Hic sunt corvi


26 sierpnia 1961

Okrągły pokój wypełniał jednostajny szum piasku przesypywanego w kilkunastu maleńkich klepsydrach i dźwięczne, metaliczne uderzenia szpilek o misternie zdobione podstawy astrolabiów. Miarowe tykanie tajemniczych wahadełek walczyło o pierwszeństwo z radosnym pyku-pyku-pyku-pyk w rytmie tarantelli. Znienacka odzywał się terkot wykrywacza uroków, zaraz potem cienkie i urywane tu-ru-tu, tu-ru-tu, turu-turururu-ru, jak z finału haydnowskiej "Brzytwy" – aż trudno uwierzyć, że dopiero teraz skojarzył podobieństwo – zjazd diminuendo aż do stłumionego "tsss, tsss", kiedy kilka instrumentów wypuszczało strużki dymu i niepostrzeżenie, attacca, wszystko zaczynało się od nowa. Cicha srebrna orkiestra, misterne perpetuum mobile – ni to zaburzone, ni dopełnione brzękiem odstawianej na talerzyk filiżanki.

Spodziewał się tego, prawdę mówiąc, w obecnej sytuacji. Stosunkowo wysokie formalne kwalifikacje i jako takie doświadczenie najwyraźniej wystarczały – przynajmniej w oczach Albusa Dumbledore'a – do uznania jego kandydatury za "bez wątpienia znakomitą". Prawda była jednak taka, że nie miał zielonego pojęcia o opiece nad dziećmi, a sama nazwa stanowiska dyskretnie sugerowała, że nie powinno być to kwestią bez znaczenia.

Blisko dwunastogodzinny dzień pracy, fakt, że klasy na poziomie owutemów prawie nie traciły na liczebności, nawet nadprogramowy Klub Zaklęć – już i tak nie było łatwo. Dodatkowe galeony, wiążące się potencjalnie z nową rolą nie były istotnym argumentem – szkoła zapewniała zakwaterowanie i wyżywienie, a na nieduże stałe opłaty i drobne zachcianki pieniędzy nawet teraz wystarczało z nawiązką. Wizja szczeniackich konfliktów z nauczycielami, Pringle'em i sobą nawzajem, sów krążących w kółko od i do rodziców, trudności z wyrwaniem się z zamku w czasie weekendów i przerwy świątecznej, masy dodatkowej papierologii i ciężaru odpowiedzialności za blisko siedemdziesięcioro chwiejnych emocjonalnie i całkowicie nieprzewidywalnych nastolatków była, oględnie rzecz ujmując, przytłaczająca już na wstępie. Tym bardziej, że chodziło przecież o Krukonów – krytycznych, łatwo podważających autorytety i tym spokojniejszych na zewnątrz, im bardziej zajęci byli tym, co kotłowało im się w środku.
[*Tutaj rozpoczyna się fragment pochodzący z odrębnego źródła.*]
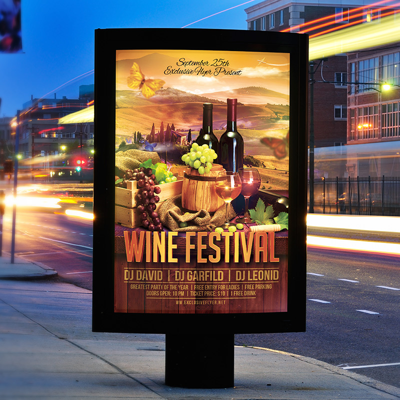 The Wine Festival is the exclusive Photoshop PSD flyer template designed by ExclusiveFlyer to promote your Wine Festival Party. This is a modern, stylish, wine flyer and just be used for a Wine Night or Wine Promotion or Tasting Wine Night etc. Dear customers! – you can also: Customize any flyers or Hire Us to create any unique product. Also, you can get unlimited access to all our templates. You can buy 1 month membership, 3 or 6 months membership or even 1 year membership plan and login on site, choose a design, click the button DOWNLOAD TEMPLATE and it’s yours. No hassle, no checkout! When you paid the template, you can find it in your personal account and of course you’ve got a message to your e-mail (maybe in spam) with link to download. Also, you can find all templates, which you buy, in your personal account! All of our flyers have a very good quality (300DPI). And it means that you just need to download one of them and make the necessary modifications such as replace the elements or choose the colors and start to invite your guests! You can order from us design of Banner Ad, Bi-Fold Brochure, Tri-Fold Brochure, Business Card, Logo, One-Sided Flyer, Two-sided Flyer or Postcard. All you need is to checkout and write us all information on our e-mail or skype. (order now). There are a lot of free flyer templates, free business card templates on our site! Also there are a lot of categories of flyers such as club flyers, seasonal flyers, sport flyers and also business flyers. You have a great choise on our site, so good luck! Don’t forget to follow our Facebook community, our page on Twitter, on Pinterest and on Tumblr and leave comments, cause we work for you! PSD is set up in 1275×1875 dimension (4″×6″ with 0,25″ bleed). The PSD file is very well organised, with color coded groups and layers named appropriately. Remember, all stock images of models and other people used only for demonstration all charms of the flyer and don’t included in the download!

Ale ktoś przecież musiał o nich zadbać – o te małe kłębki chaosu, rzucone na głęboką wodę tak daleko od domu – i może tym ważniejsze było to teraz, gdy historia zataczała kolejne z wielkich kół i gdy nastroje społeczne były coraz bardziej niepokojące.

– Potrzebuję trochę czasu do namysłu, Albusie – powiedział wreszcie, odrywając wzrok od rzeźbionej krawędzi blatu i spoglądając w błękitne, nieskończenie łagodne oczy dyrektora.

Choć przecież, dobry Merlinie, i tak obydwoje wiedzieli, jak to się skończy.


Hic sunt corvi – (łac.) "Tu grasują kruki" (w nawiązaniu do haseł hic sunt leones i hic sunt dracones, używanych przez średniowiecznych kartografów do oznaczania na mapach miejsc nieznanych i potencjalnie niebezpiecznych).